Impact Academy

Alumni Mentors Impress Students at Impact Academy

CAMPBELL, Ohio – What does an engineer do each day?

How many career options are there in the medical field? What kind of training does one need to be an electrician?

The Northeast Ohio IMPACT Academy gave students in grades 9 through 11 a chance at a March 2 event to meet people from the local community working in careers of interest to them.

The Impact Academy, in its fourth year of operation at the Community Literacy Workforce and Cultural Center, strives to spark students interested in the science, technology, engineering and math (STEM) fields. With the first class a year from graduation, Kristin Fox, associate principal, said field trips and speakers are being selected specifically toward career interests.

Invited to the event were 16 Campbell alumni and two additional professionals interested in helping mentor students to make those important decisions. Students had a chance to speak with recent nursing school graduates; a local doctor, who chose to stay here and practice; engineers, including one involved in a Voltage Valley career; as well as beauticians, barbers, a law enforcement officer and entrepreneurs.

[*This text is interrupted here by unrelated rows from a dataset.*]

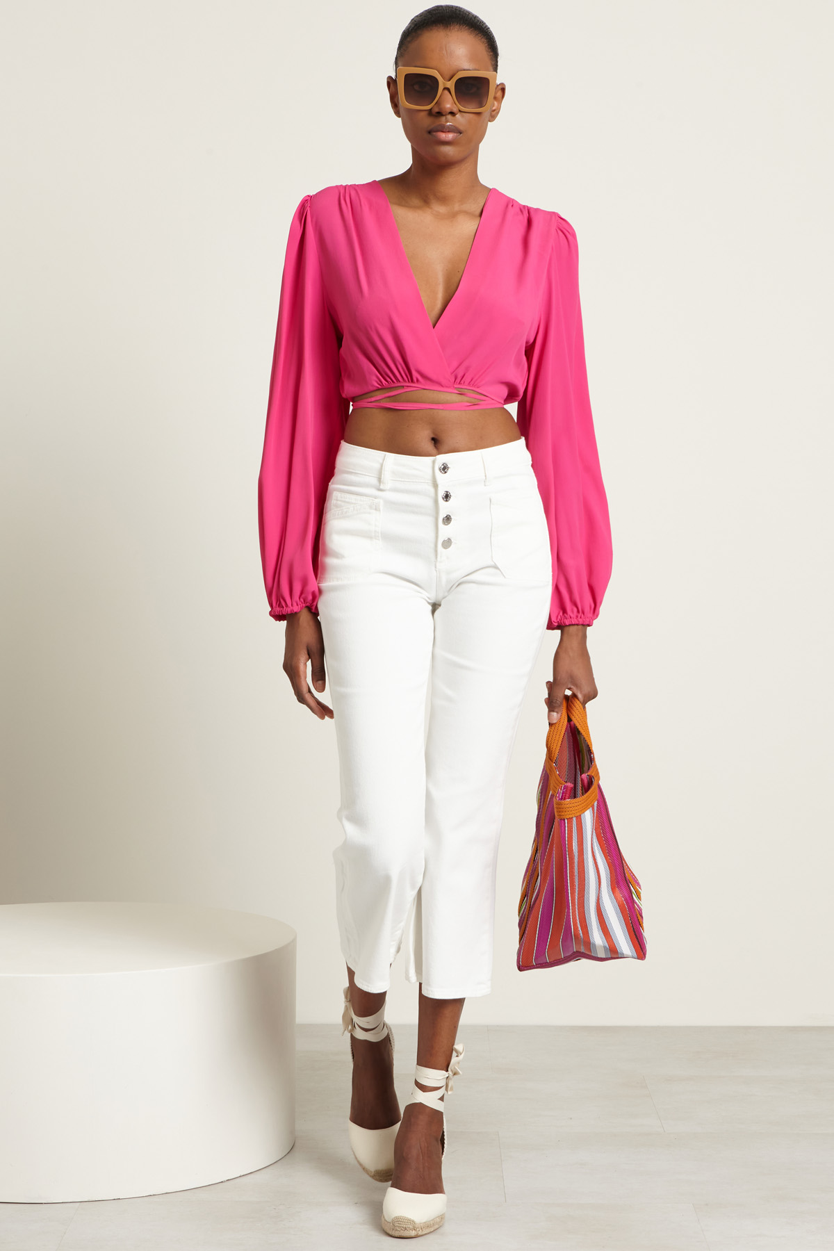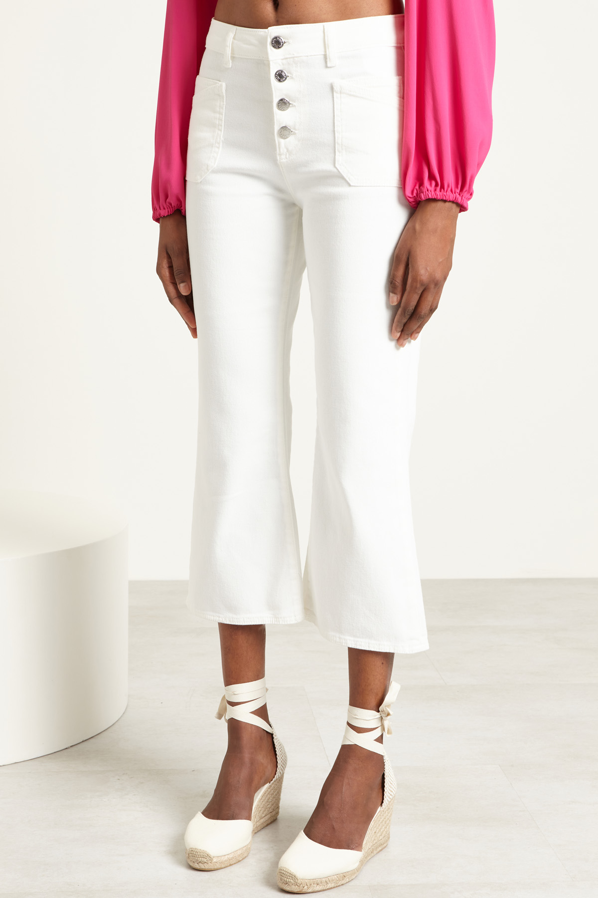 Pantaloni cropped a trombetta realizzati in drill di cotone stretch, con passanti in vita, tasche e taschini applicati sui fianchi e nel retro, allacciatura tramite bottoni a vista in metallo.
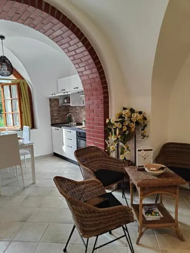 Featuring a private entrance, this air-conditioned holiday home comprises a kitchen, 1 bedroom and 1 bathroom with a walk-in shower and a bath or a shower. Meals can be prepared in the well-fitted kitchen, which comes with a stovetop, a refrigerator, a dishwasher and kitchenware. The holiday home features tiled floors, a seating area with a flat-screen TV, a washing machine, a coffee machine as well as garden views. The unit offers 2 beds.
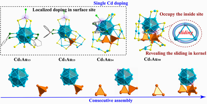 该系列团簇具有持续组装的内核,它们是由一个二十面体结构单元分别与0至3个四面体单元组装而成。重要的是通过调控四面体单元的持续组装,实现了Cd原子逐渐从团簇外围到内核的迁移。对比内核的Cd原子与表面Cd原子的掺杂行为,表面的定位掺杂对比内部的分散占据,确定了镉原子在团簇内部分散的掺杂行为可能是取决于团簇内核中金属的流动性。最后借助DFT理论计算,验证了Cd原子在团簇内部的“流动性”是一个能量有利的过程。因此,该工作不仅为金属原子的“流动性”提供了实验证据,而且也为实现纳米团簇内核的定向/可控组装提供了新的见解。
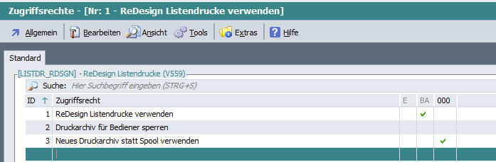Einstellmöglichkeiten zum Druckarchiv in den Zugriffsrechten:
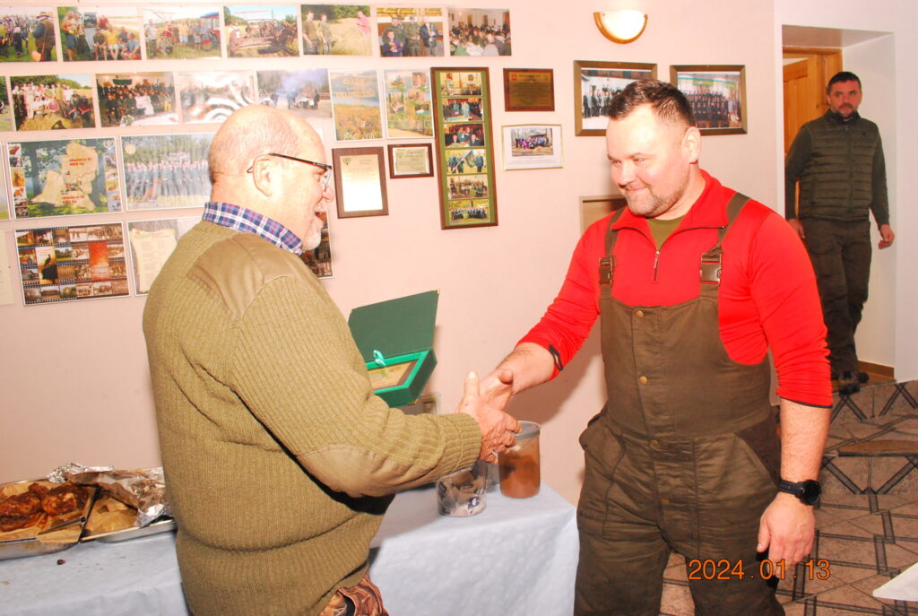 Miłym akcentem było wręczenie przez Prezesa Koła Jerzego Karabanowicza dyplomu koledze Damianowi Topolskiemu z okazji 20-lecia członkostwa w PZŁ oraz naszym Kole Łowieckim.
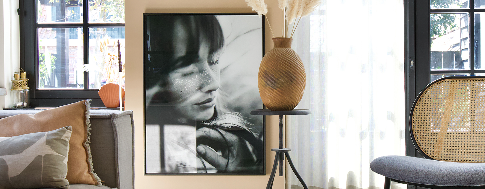 Je kunt een print op aluminium laten inlijsten met een baklijst als je houdt van een matte, industriële uitstraling. Of kies voor een baklijst met een print op plexiglas als je juist wilt dat de kleuren van je muur spatten.
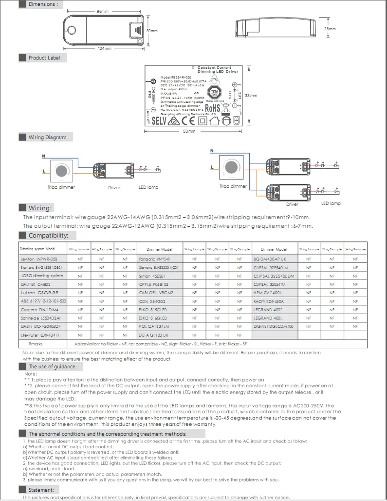 Yüksek kaliteli PE294R 42V maksimum 200ma sabit akım triyak karartma led sürücüsü, Çin üreticisi Starwell tarafından yüksek güç faktörü, yüksek verimlilik, yüksek hassasiyet, verimli çalınabilir düşük kayıplı anahtar kontrol çipinin kullanımı ve yüksek performanslı bileşenlerin kullanımı ile Çin üreticisi Starwell tarafından geliştirilen sabit akım karartma LED dalgıcından biridir ve yüksek performanslı bileşenler, düşük gürültülü, uzun ömürlü ve diğer özelliklerle öne çıkar.
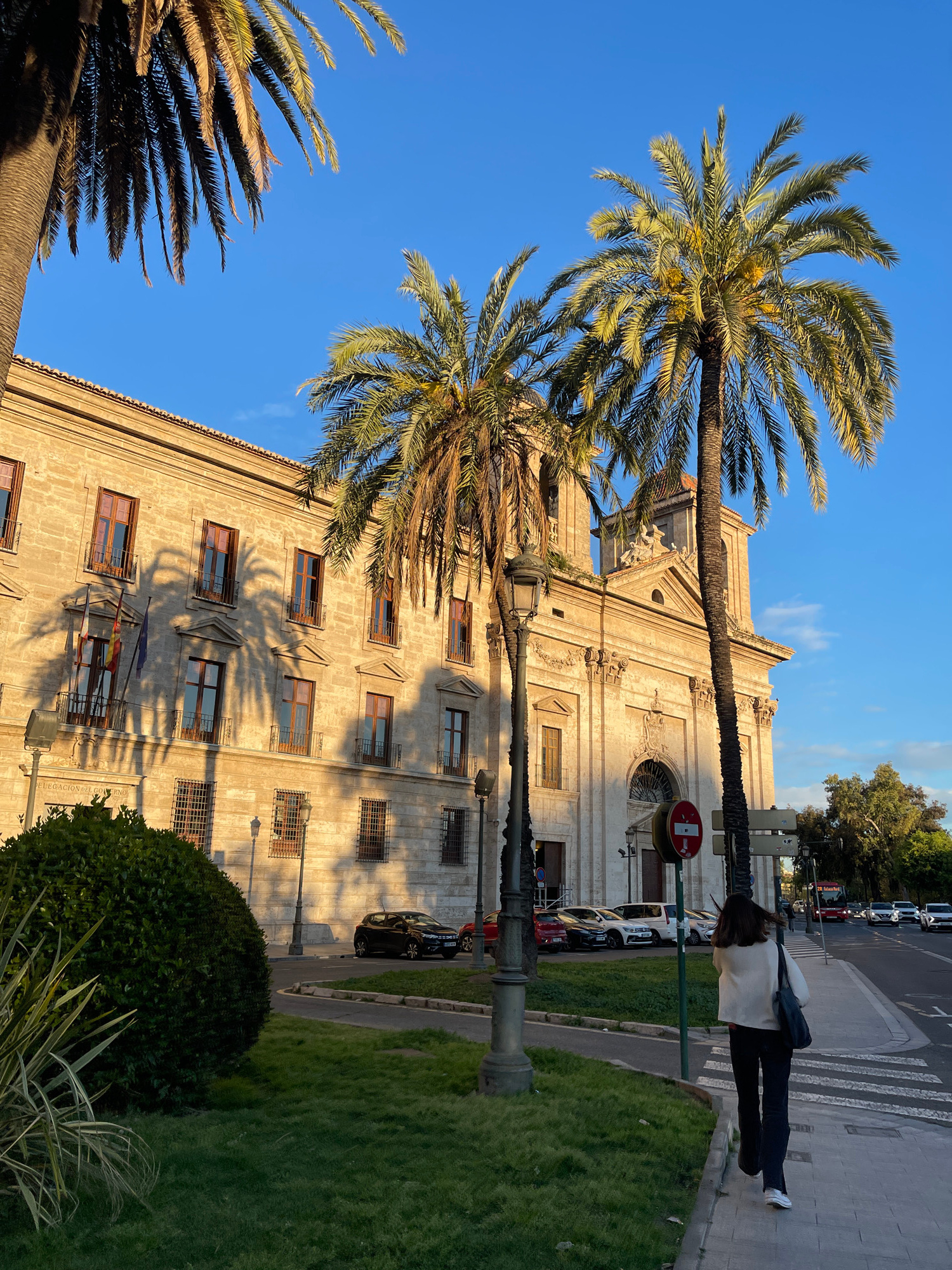 The image shows a street scene in València, Spain. The prominent building is the Delegación del Gobierno, a government building with a light-colored stone facade, visible windows, and architectural de…read more

Students interested in construction and skilled trades have been watching the latest addition being built onto the school firsthand and Fox said some students are intrigued to learn how much money those working the project can earn. Knowing a four-year degree is not for everyone, Fox said they are making sure students learn about a variety of options, including the trades.

“One of the biggest things we talk about here is being a regional solution and how do we keep people in this Valley and make them want develop and prosper and raise families and stay here,“ Fox said.

The recent graduates talked to the students about how they made their own career choices and how they navigated the training or additional schooling they needed to get there.

In the engineering session, students got a chance to ask questions about the wide variety of engineers, the classes they took to obtain those degrees and how many things they could do down the road. Students asked about salaries, what a day is like in their job and even how an engineering degree can lead to other jobs outside of the engineering field down the road should they change their minds.

Kalliope Zembillas is a planning engineer, who studied chemical engineering, and her sister is a civil engineer. She talked about the flexibility of engineering, saying it is not necessary to choose a path right away.

Her father’s background was in business, while her mother stayed home, but Zembillas knew her personality did not fit into a business. She enjoyed getting an education in math and chemistry and started her college career by studying medicine at Youngstown State University.

“Keep your mind open and not be pressured to pick something right away,” Zembillas said, adding an engineering degree can open doors to many opportunities, both locally and for those interested in traveling or living elsewhere.

George Koulianos, a 2018 Campbell graduate, is about to complete his nursing degree from Youngstown State University. He talked to students about the process to get degrees in nursing, as well as the sacrifice, dedication and focus needed for each of the nursing programs at YSU – from the associate degree to the doctoral program. There are always opportunities to take a career in medicine to another level, he said. Koulianos also discussed the many specialties in medicine.

“Anything in the medical field, whether it’s nursing or becoming a doctor, nothing is easy about it,” Koulianos said. “It’s a lot of hard work. It’s a lot of dedication. Our goal as medical providers and nurses is to give the best care and maintain the safety of the patient and doing what’s best for everyone.”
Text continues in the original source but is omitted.